How SSD drives larger than 10 TB will change corporate storage segment

8 and 10 TB hard drives are already actively used in Enterprise systems, where high storage density is important. So far, the production technology allows such disks to be produced with a spindle speed of 7200 rpm, and it is obvious that an increase in productivity due to an increase in the rotational speed of the platters is not yet threatened by these disks. Similarly, there is no reason to believe that hard drives with such a high recording density should be more reliable than their 2 terabyte counterparts. It would seem that in the case of data storage systems, the more the better, but it seems that just in the corporate world, hard drives are approaching the edge where a large volume is no longer an advantage.

In early February, Intel promised to provide an SSD drive with a capacity of more than 10 TB within two years. And already in early March, Samsung announced the start of deliveries of its first 15.36 TB PM1633a SSD. It turns out that the last advantage of hard drives, their large capacity, melts before our eyes like snow under the bright spring sun.
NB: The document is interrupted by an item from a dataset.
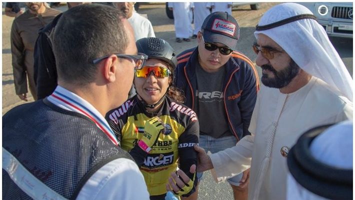 شیخ محمد بن راشد گرے ہوئے سائیکل سوار کی مدد کے لئے آئے
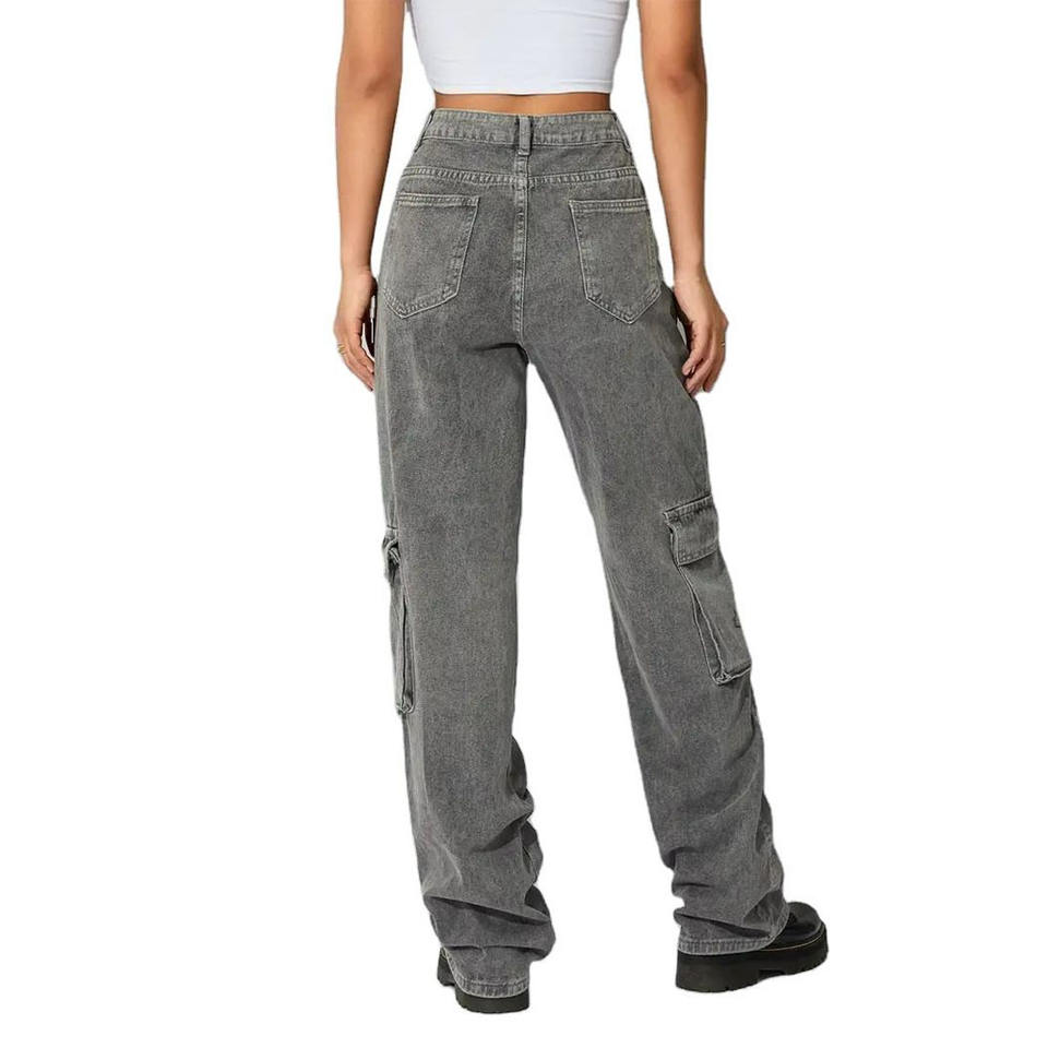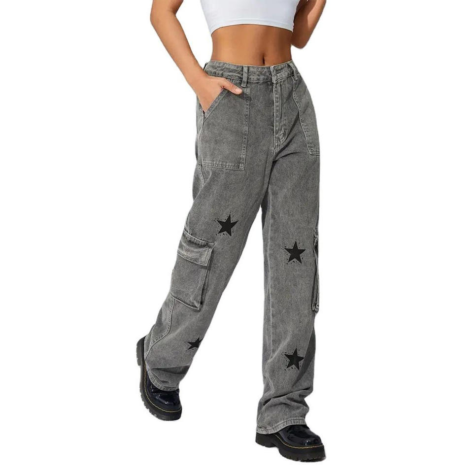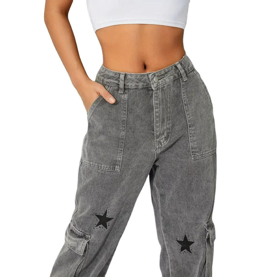 Customized Women Straight Pants Big Pockets Non-stretchy Star Print Street Casual Loose Trousers Jeans

So far, there are no real cases of using data arrays on large SSDs, we can think about why we shouldn't make a choice in favor of 8-10 TB hard drives now, but immediately aim at SSDs of the same size.

The main question is the cost of 1 GB

The only major business advantage of using large hard drives is the cost of storing 1 GB of data. But, and this advantage fades away with the advent of large SSDs. How is this possible, since an 8TB hard drive costs about $ 500, and a 16TB SSD is expected to cost around $ 8,000? How can they be compared at the price of a gigabyte? But as they say, it's all about the details.
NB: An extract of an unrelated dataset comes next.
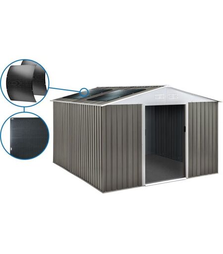 Habitat Et Jardin - Abri jardin métal 'Dallas' - 15.16m² avec panneau solaires - Taupe
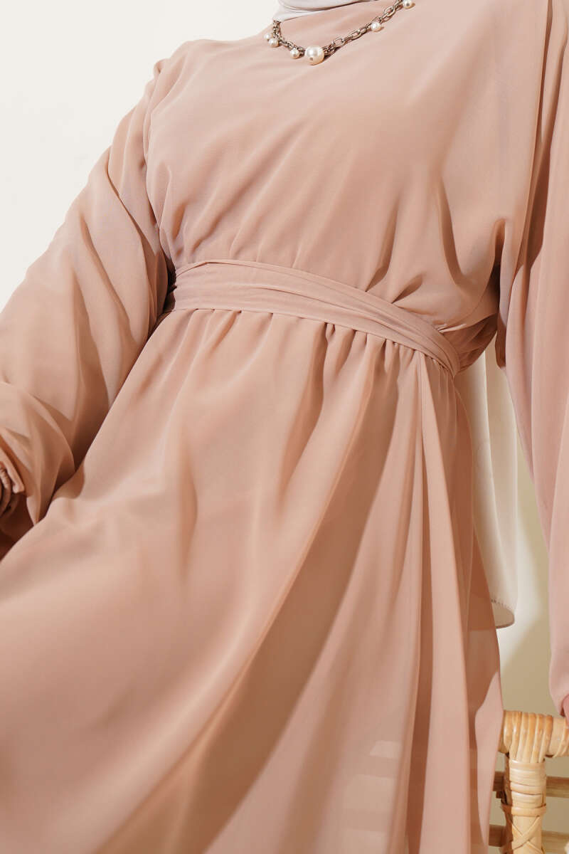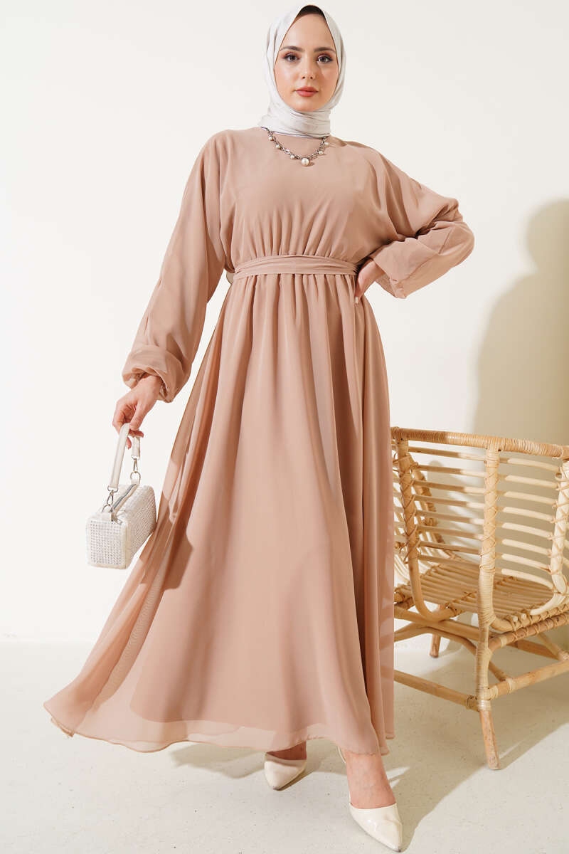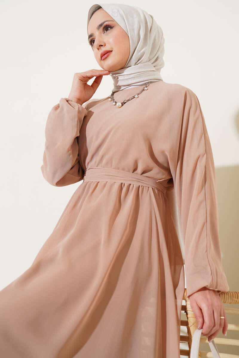 Çift İp Kuşaklı Ekoseli Elbise Bej

If we compare SSD and HDD head-on at the price of a gigabyte, then SSD will lose. But if you look at the finished project implemented on an SSD or HDD, then it is possible that SSD will benefit from savings on caching devices. Let me explain.

For example, we are dealing with a newfangled Big Data project that collects and processes petabytes of information. How will it be implemented in hardware? Roughly, it looks like this: there are two cabinets with disk shelves crammed with 8 TB hard drives, where data is stored. But next to it there are 3-4 shelves with fast flash drives, where data is transferred for their processing, and processing nodes are connected to these shelves. This is not exactly caching in the usual sense. The choice of what to store on the HDD and what on the SSD is made by the application itself or the operating system. It is somewhat reminiscent of the SSD cache, which even entry-level NAS devices now have, only a little more complicated.
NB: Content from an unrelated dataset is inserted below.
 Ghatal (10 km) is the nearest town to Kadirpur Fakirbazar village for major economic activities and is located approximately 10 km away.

So, it turns out that you can't do without an SSD, even if you store your data on large hard drives, unless, of course, you have an archive of online backups. Split data into hot data and "cold" will still have to.

Cold Data

By choosing large SSD drives, you simplify the infrastructure: you do not need cache shelves, because SSDs of this size, in terms of performance expressed in IOPS (IOPS), are about 1000 times faster than server ones HDD with a disk rotation speed of 15,000 RPM. For comparison, an HDD with a spindle speed of 15,000 rpm can provide performance in the region of 200-300 IOPS, depending on the load. And Samsung PM1633A produces 200,000 IOPS for reading and 32,000 IOPS for writing. The linear read and write speed is about 1100 MB/s, 5 times higher than that of a 15K HDD. Therefore, now you do not need to move data from one medium to another, you can connect compute nodes directly to an SSD shelf. Today there are already 2U servers with the ability to install 48 2.5-inch hard drives (Supermicro 2028R-E1CR48L). When using SSDs such as the Samsung PM1633A, their storage space will be 737.28 TB. And a 42-unit cabinet loaded with such servers with SSDs will give you 15.4 PB of disk space.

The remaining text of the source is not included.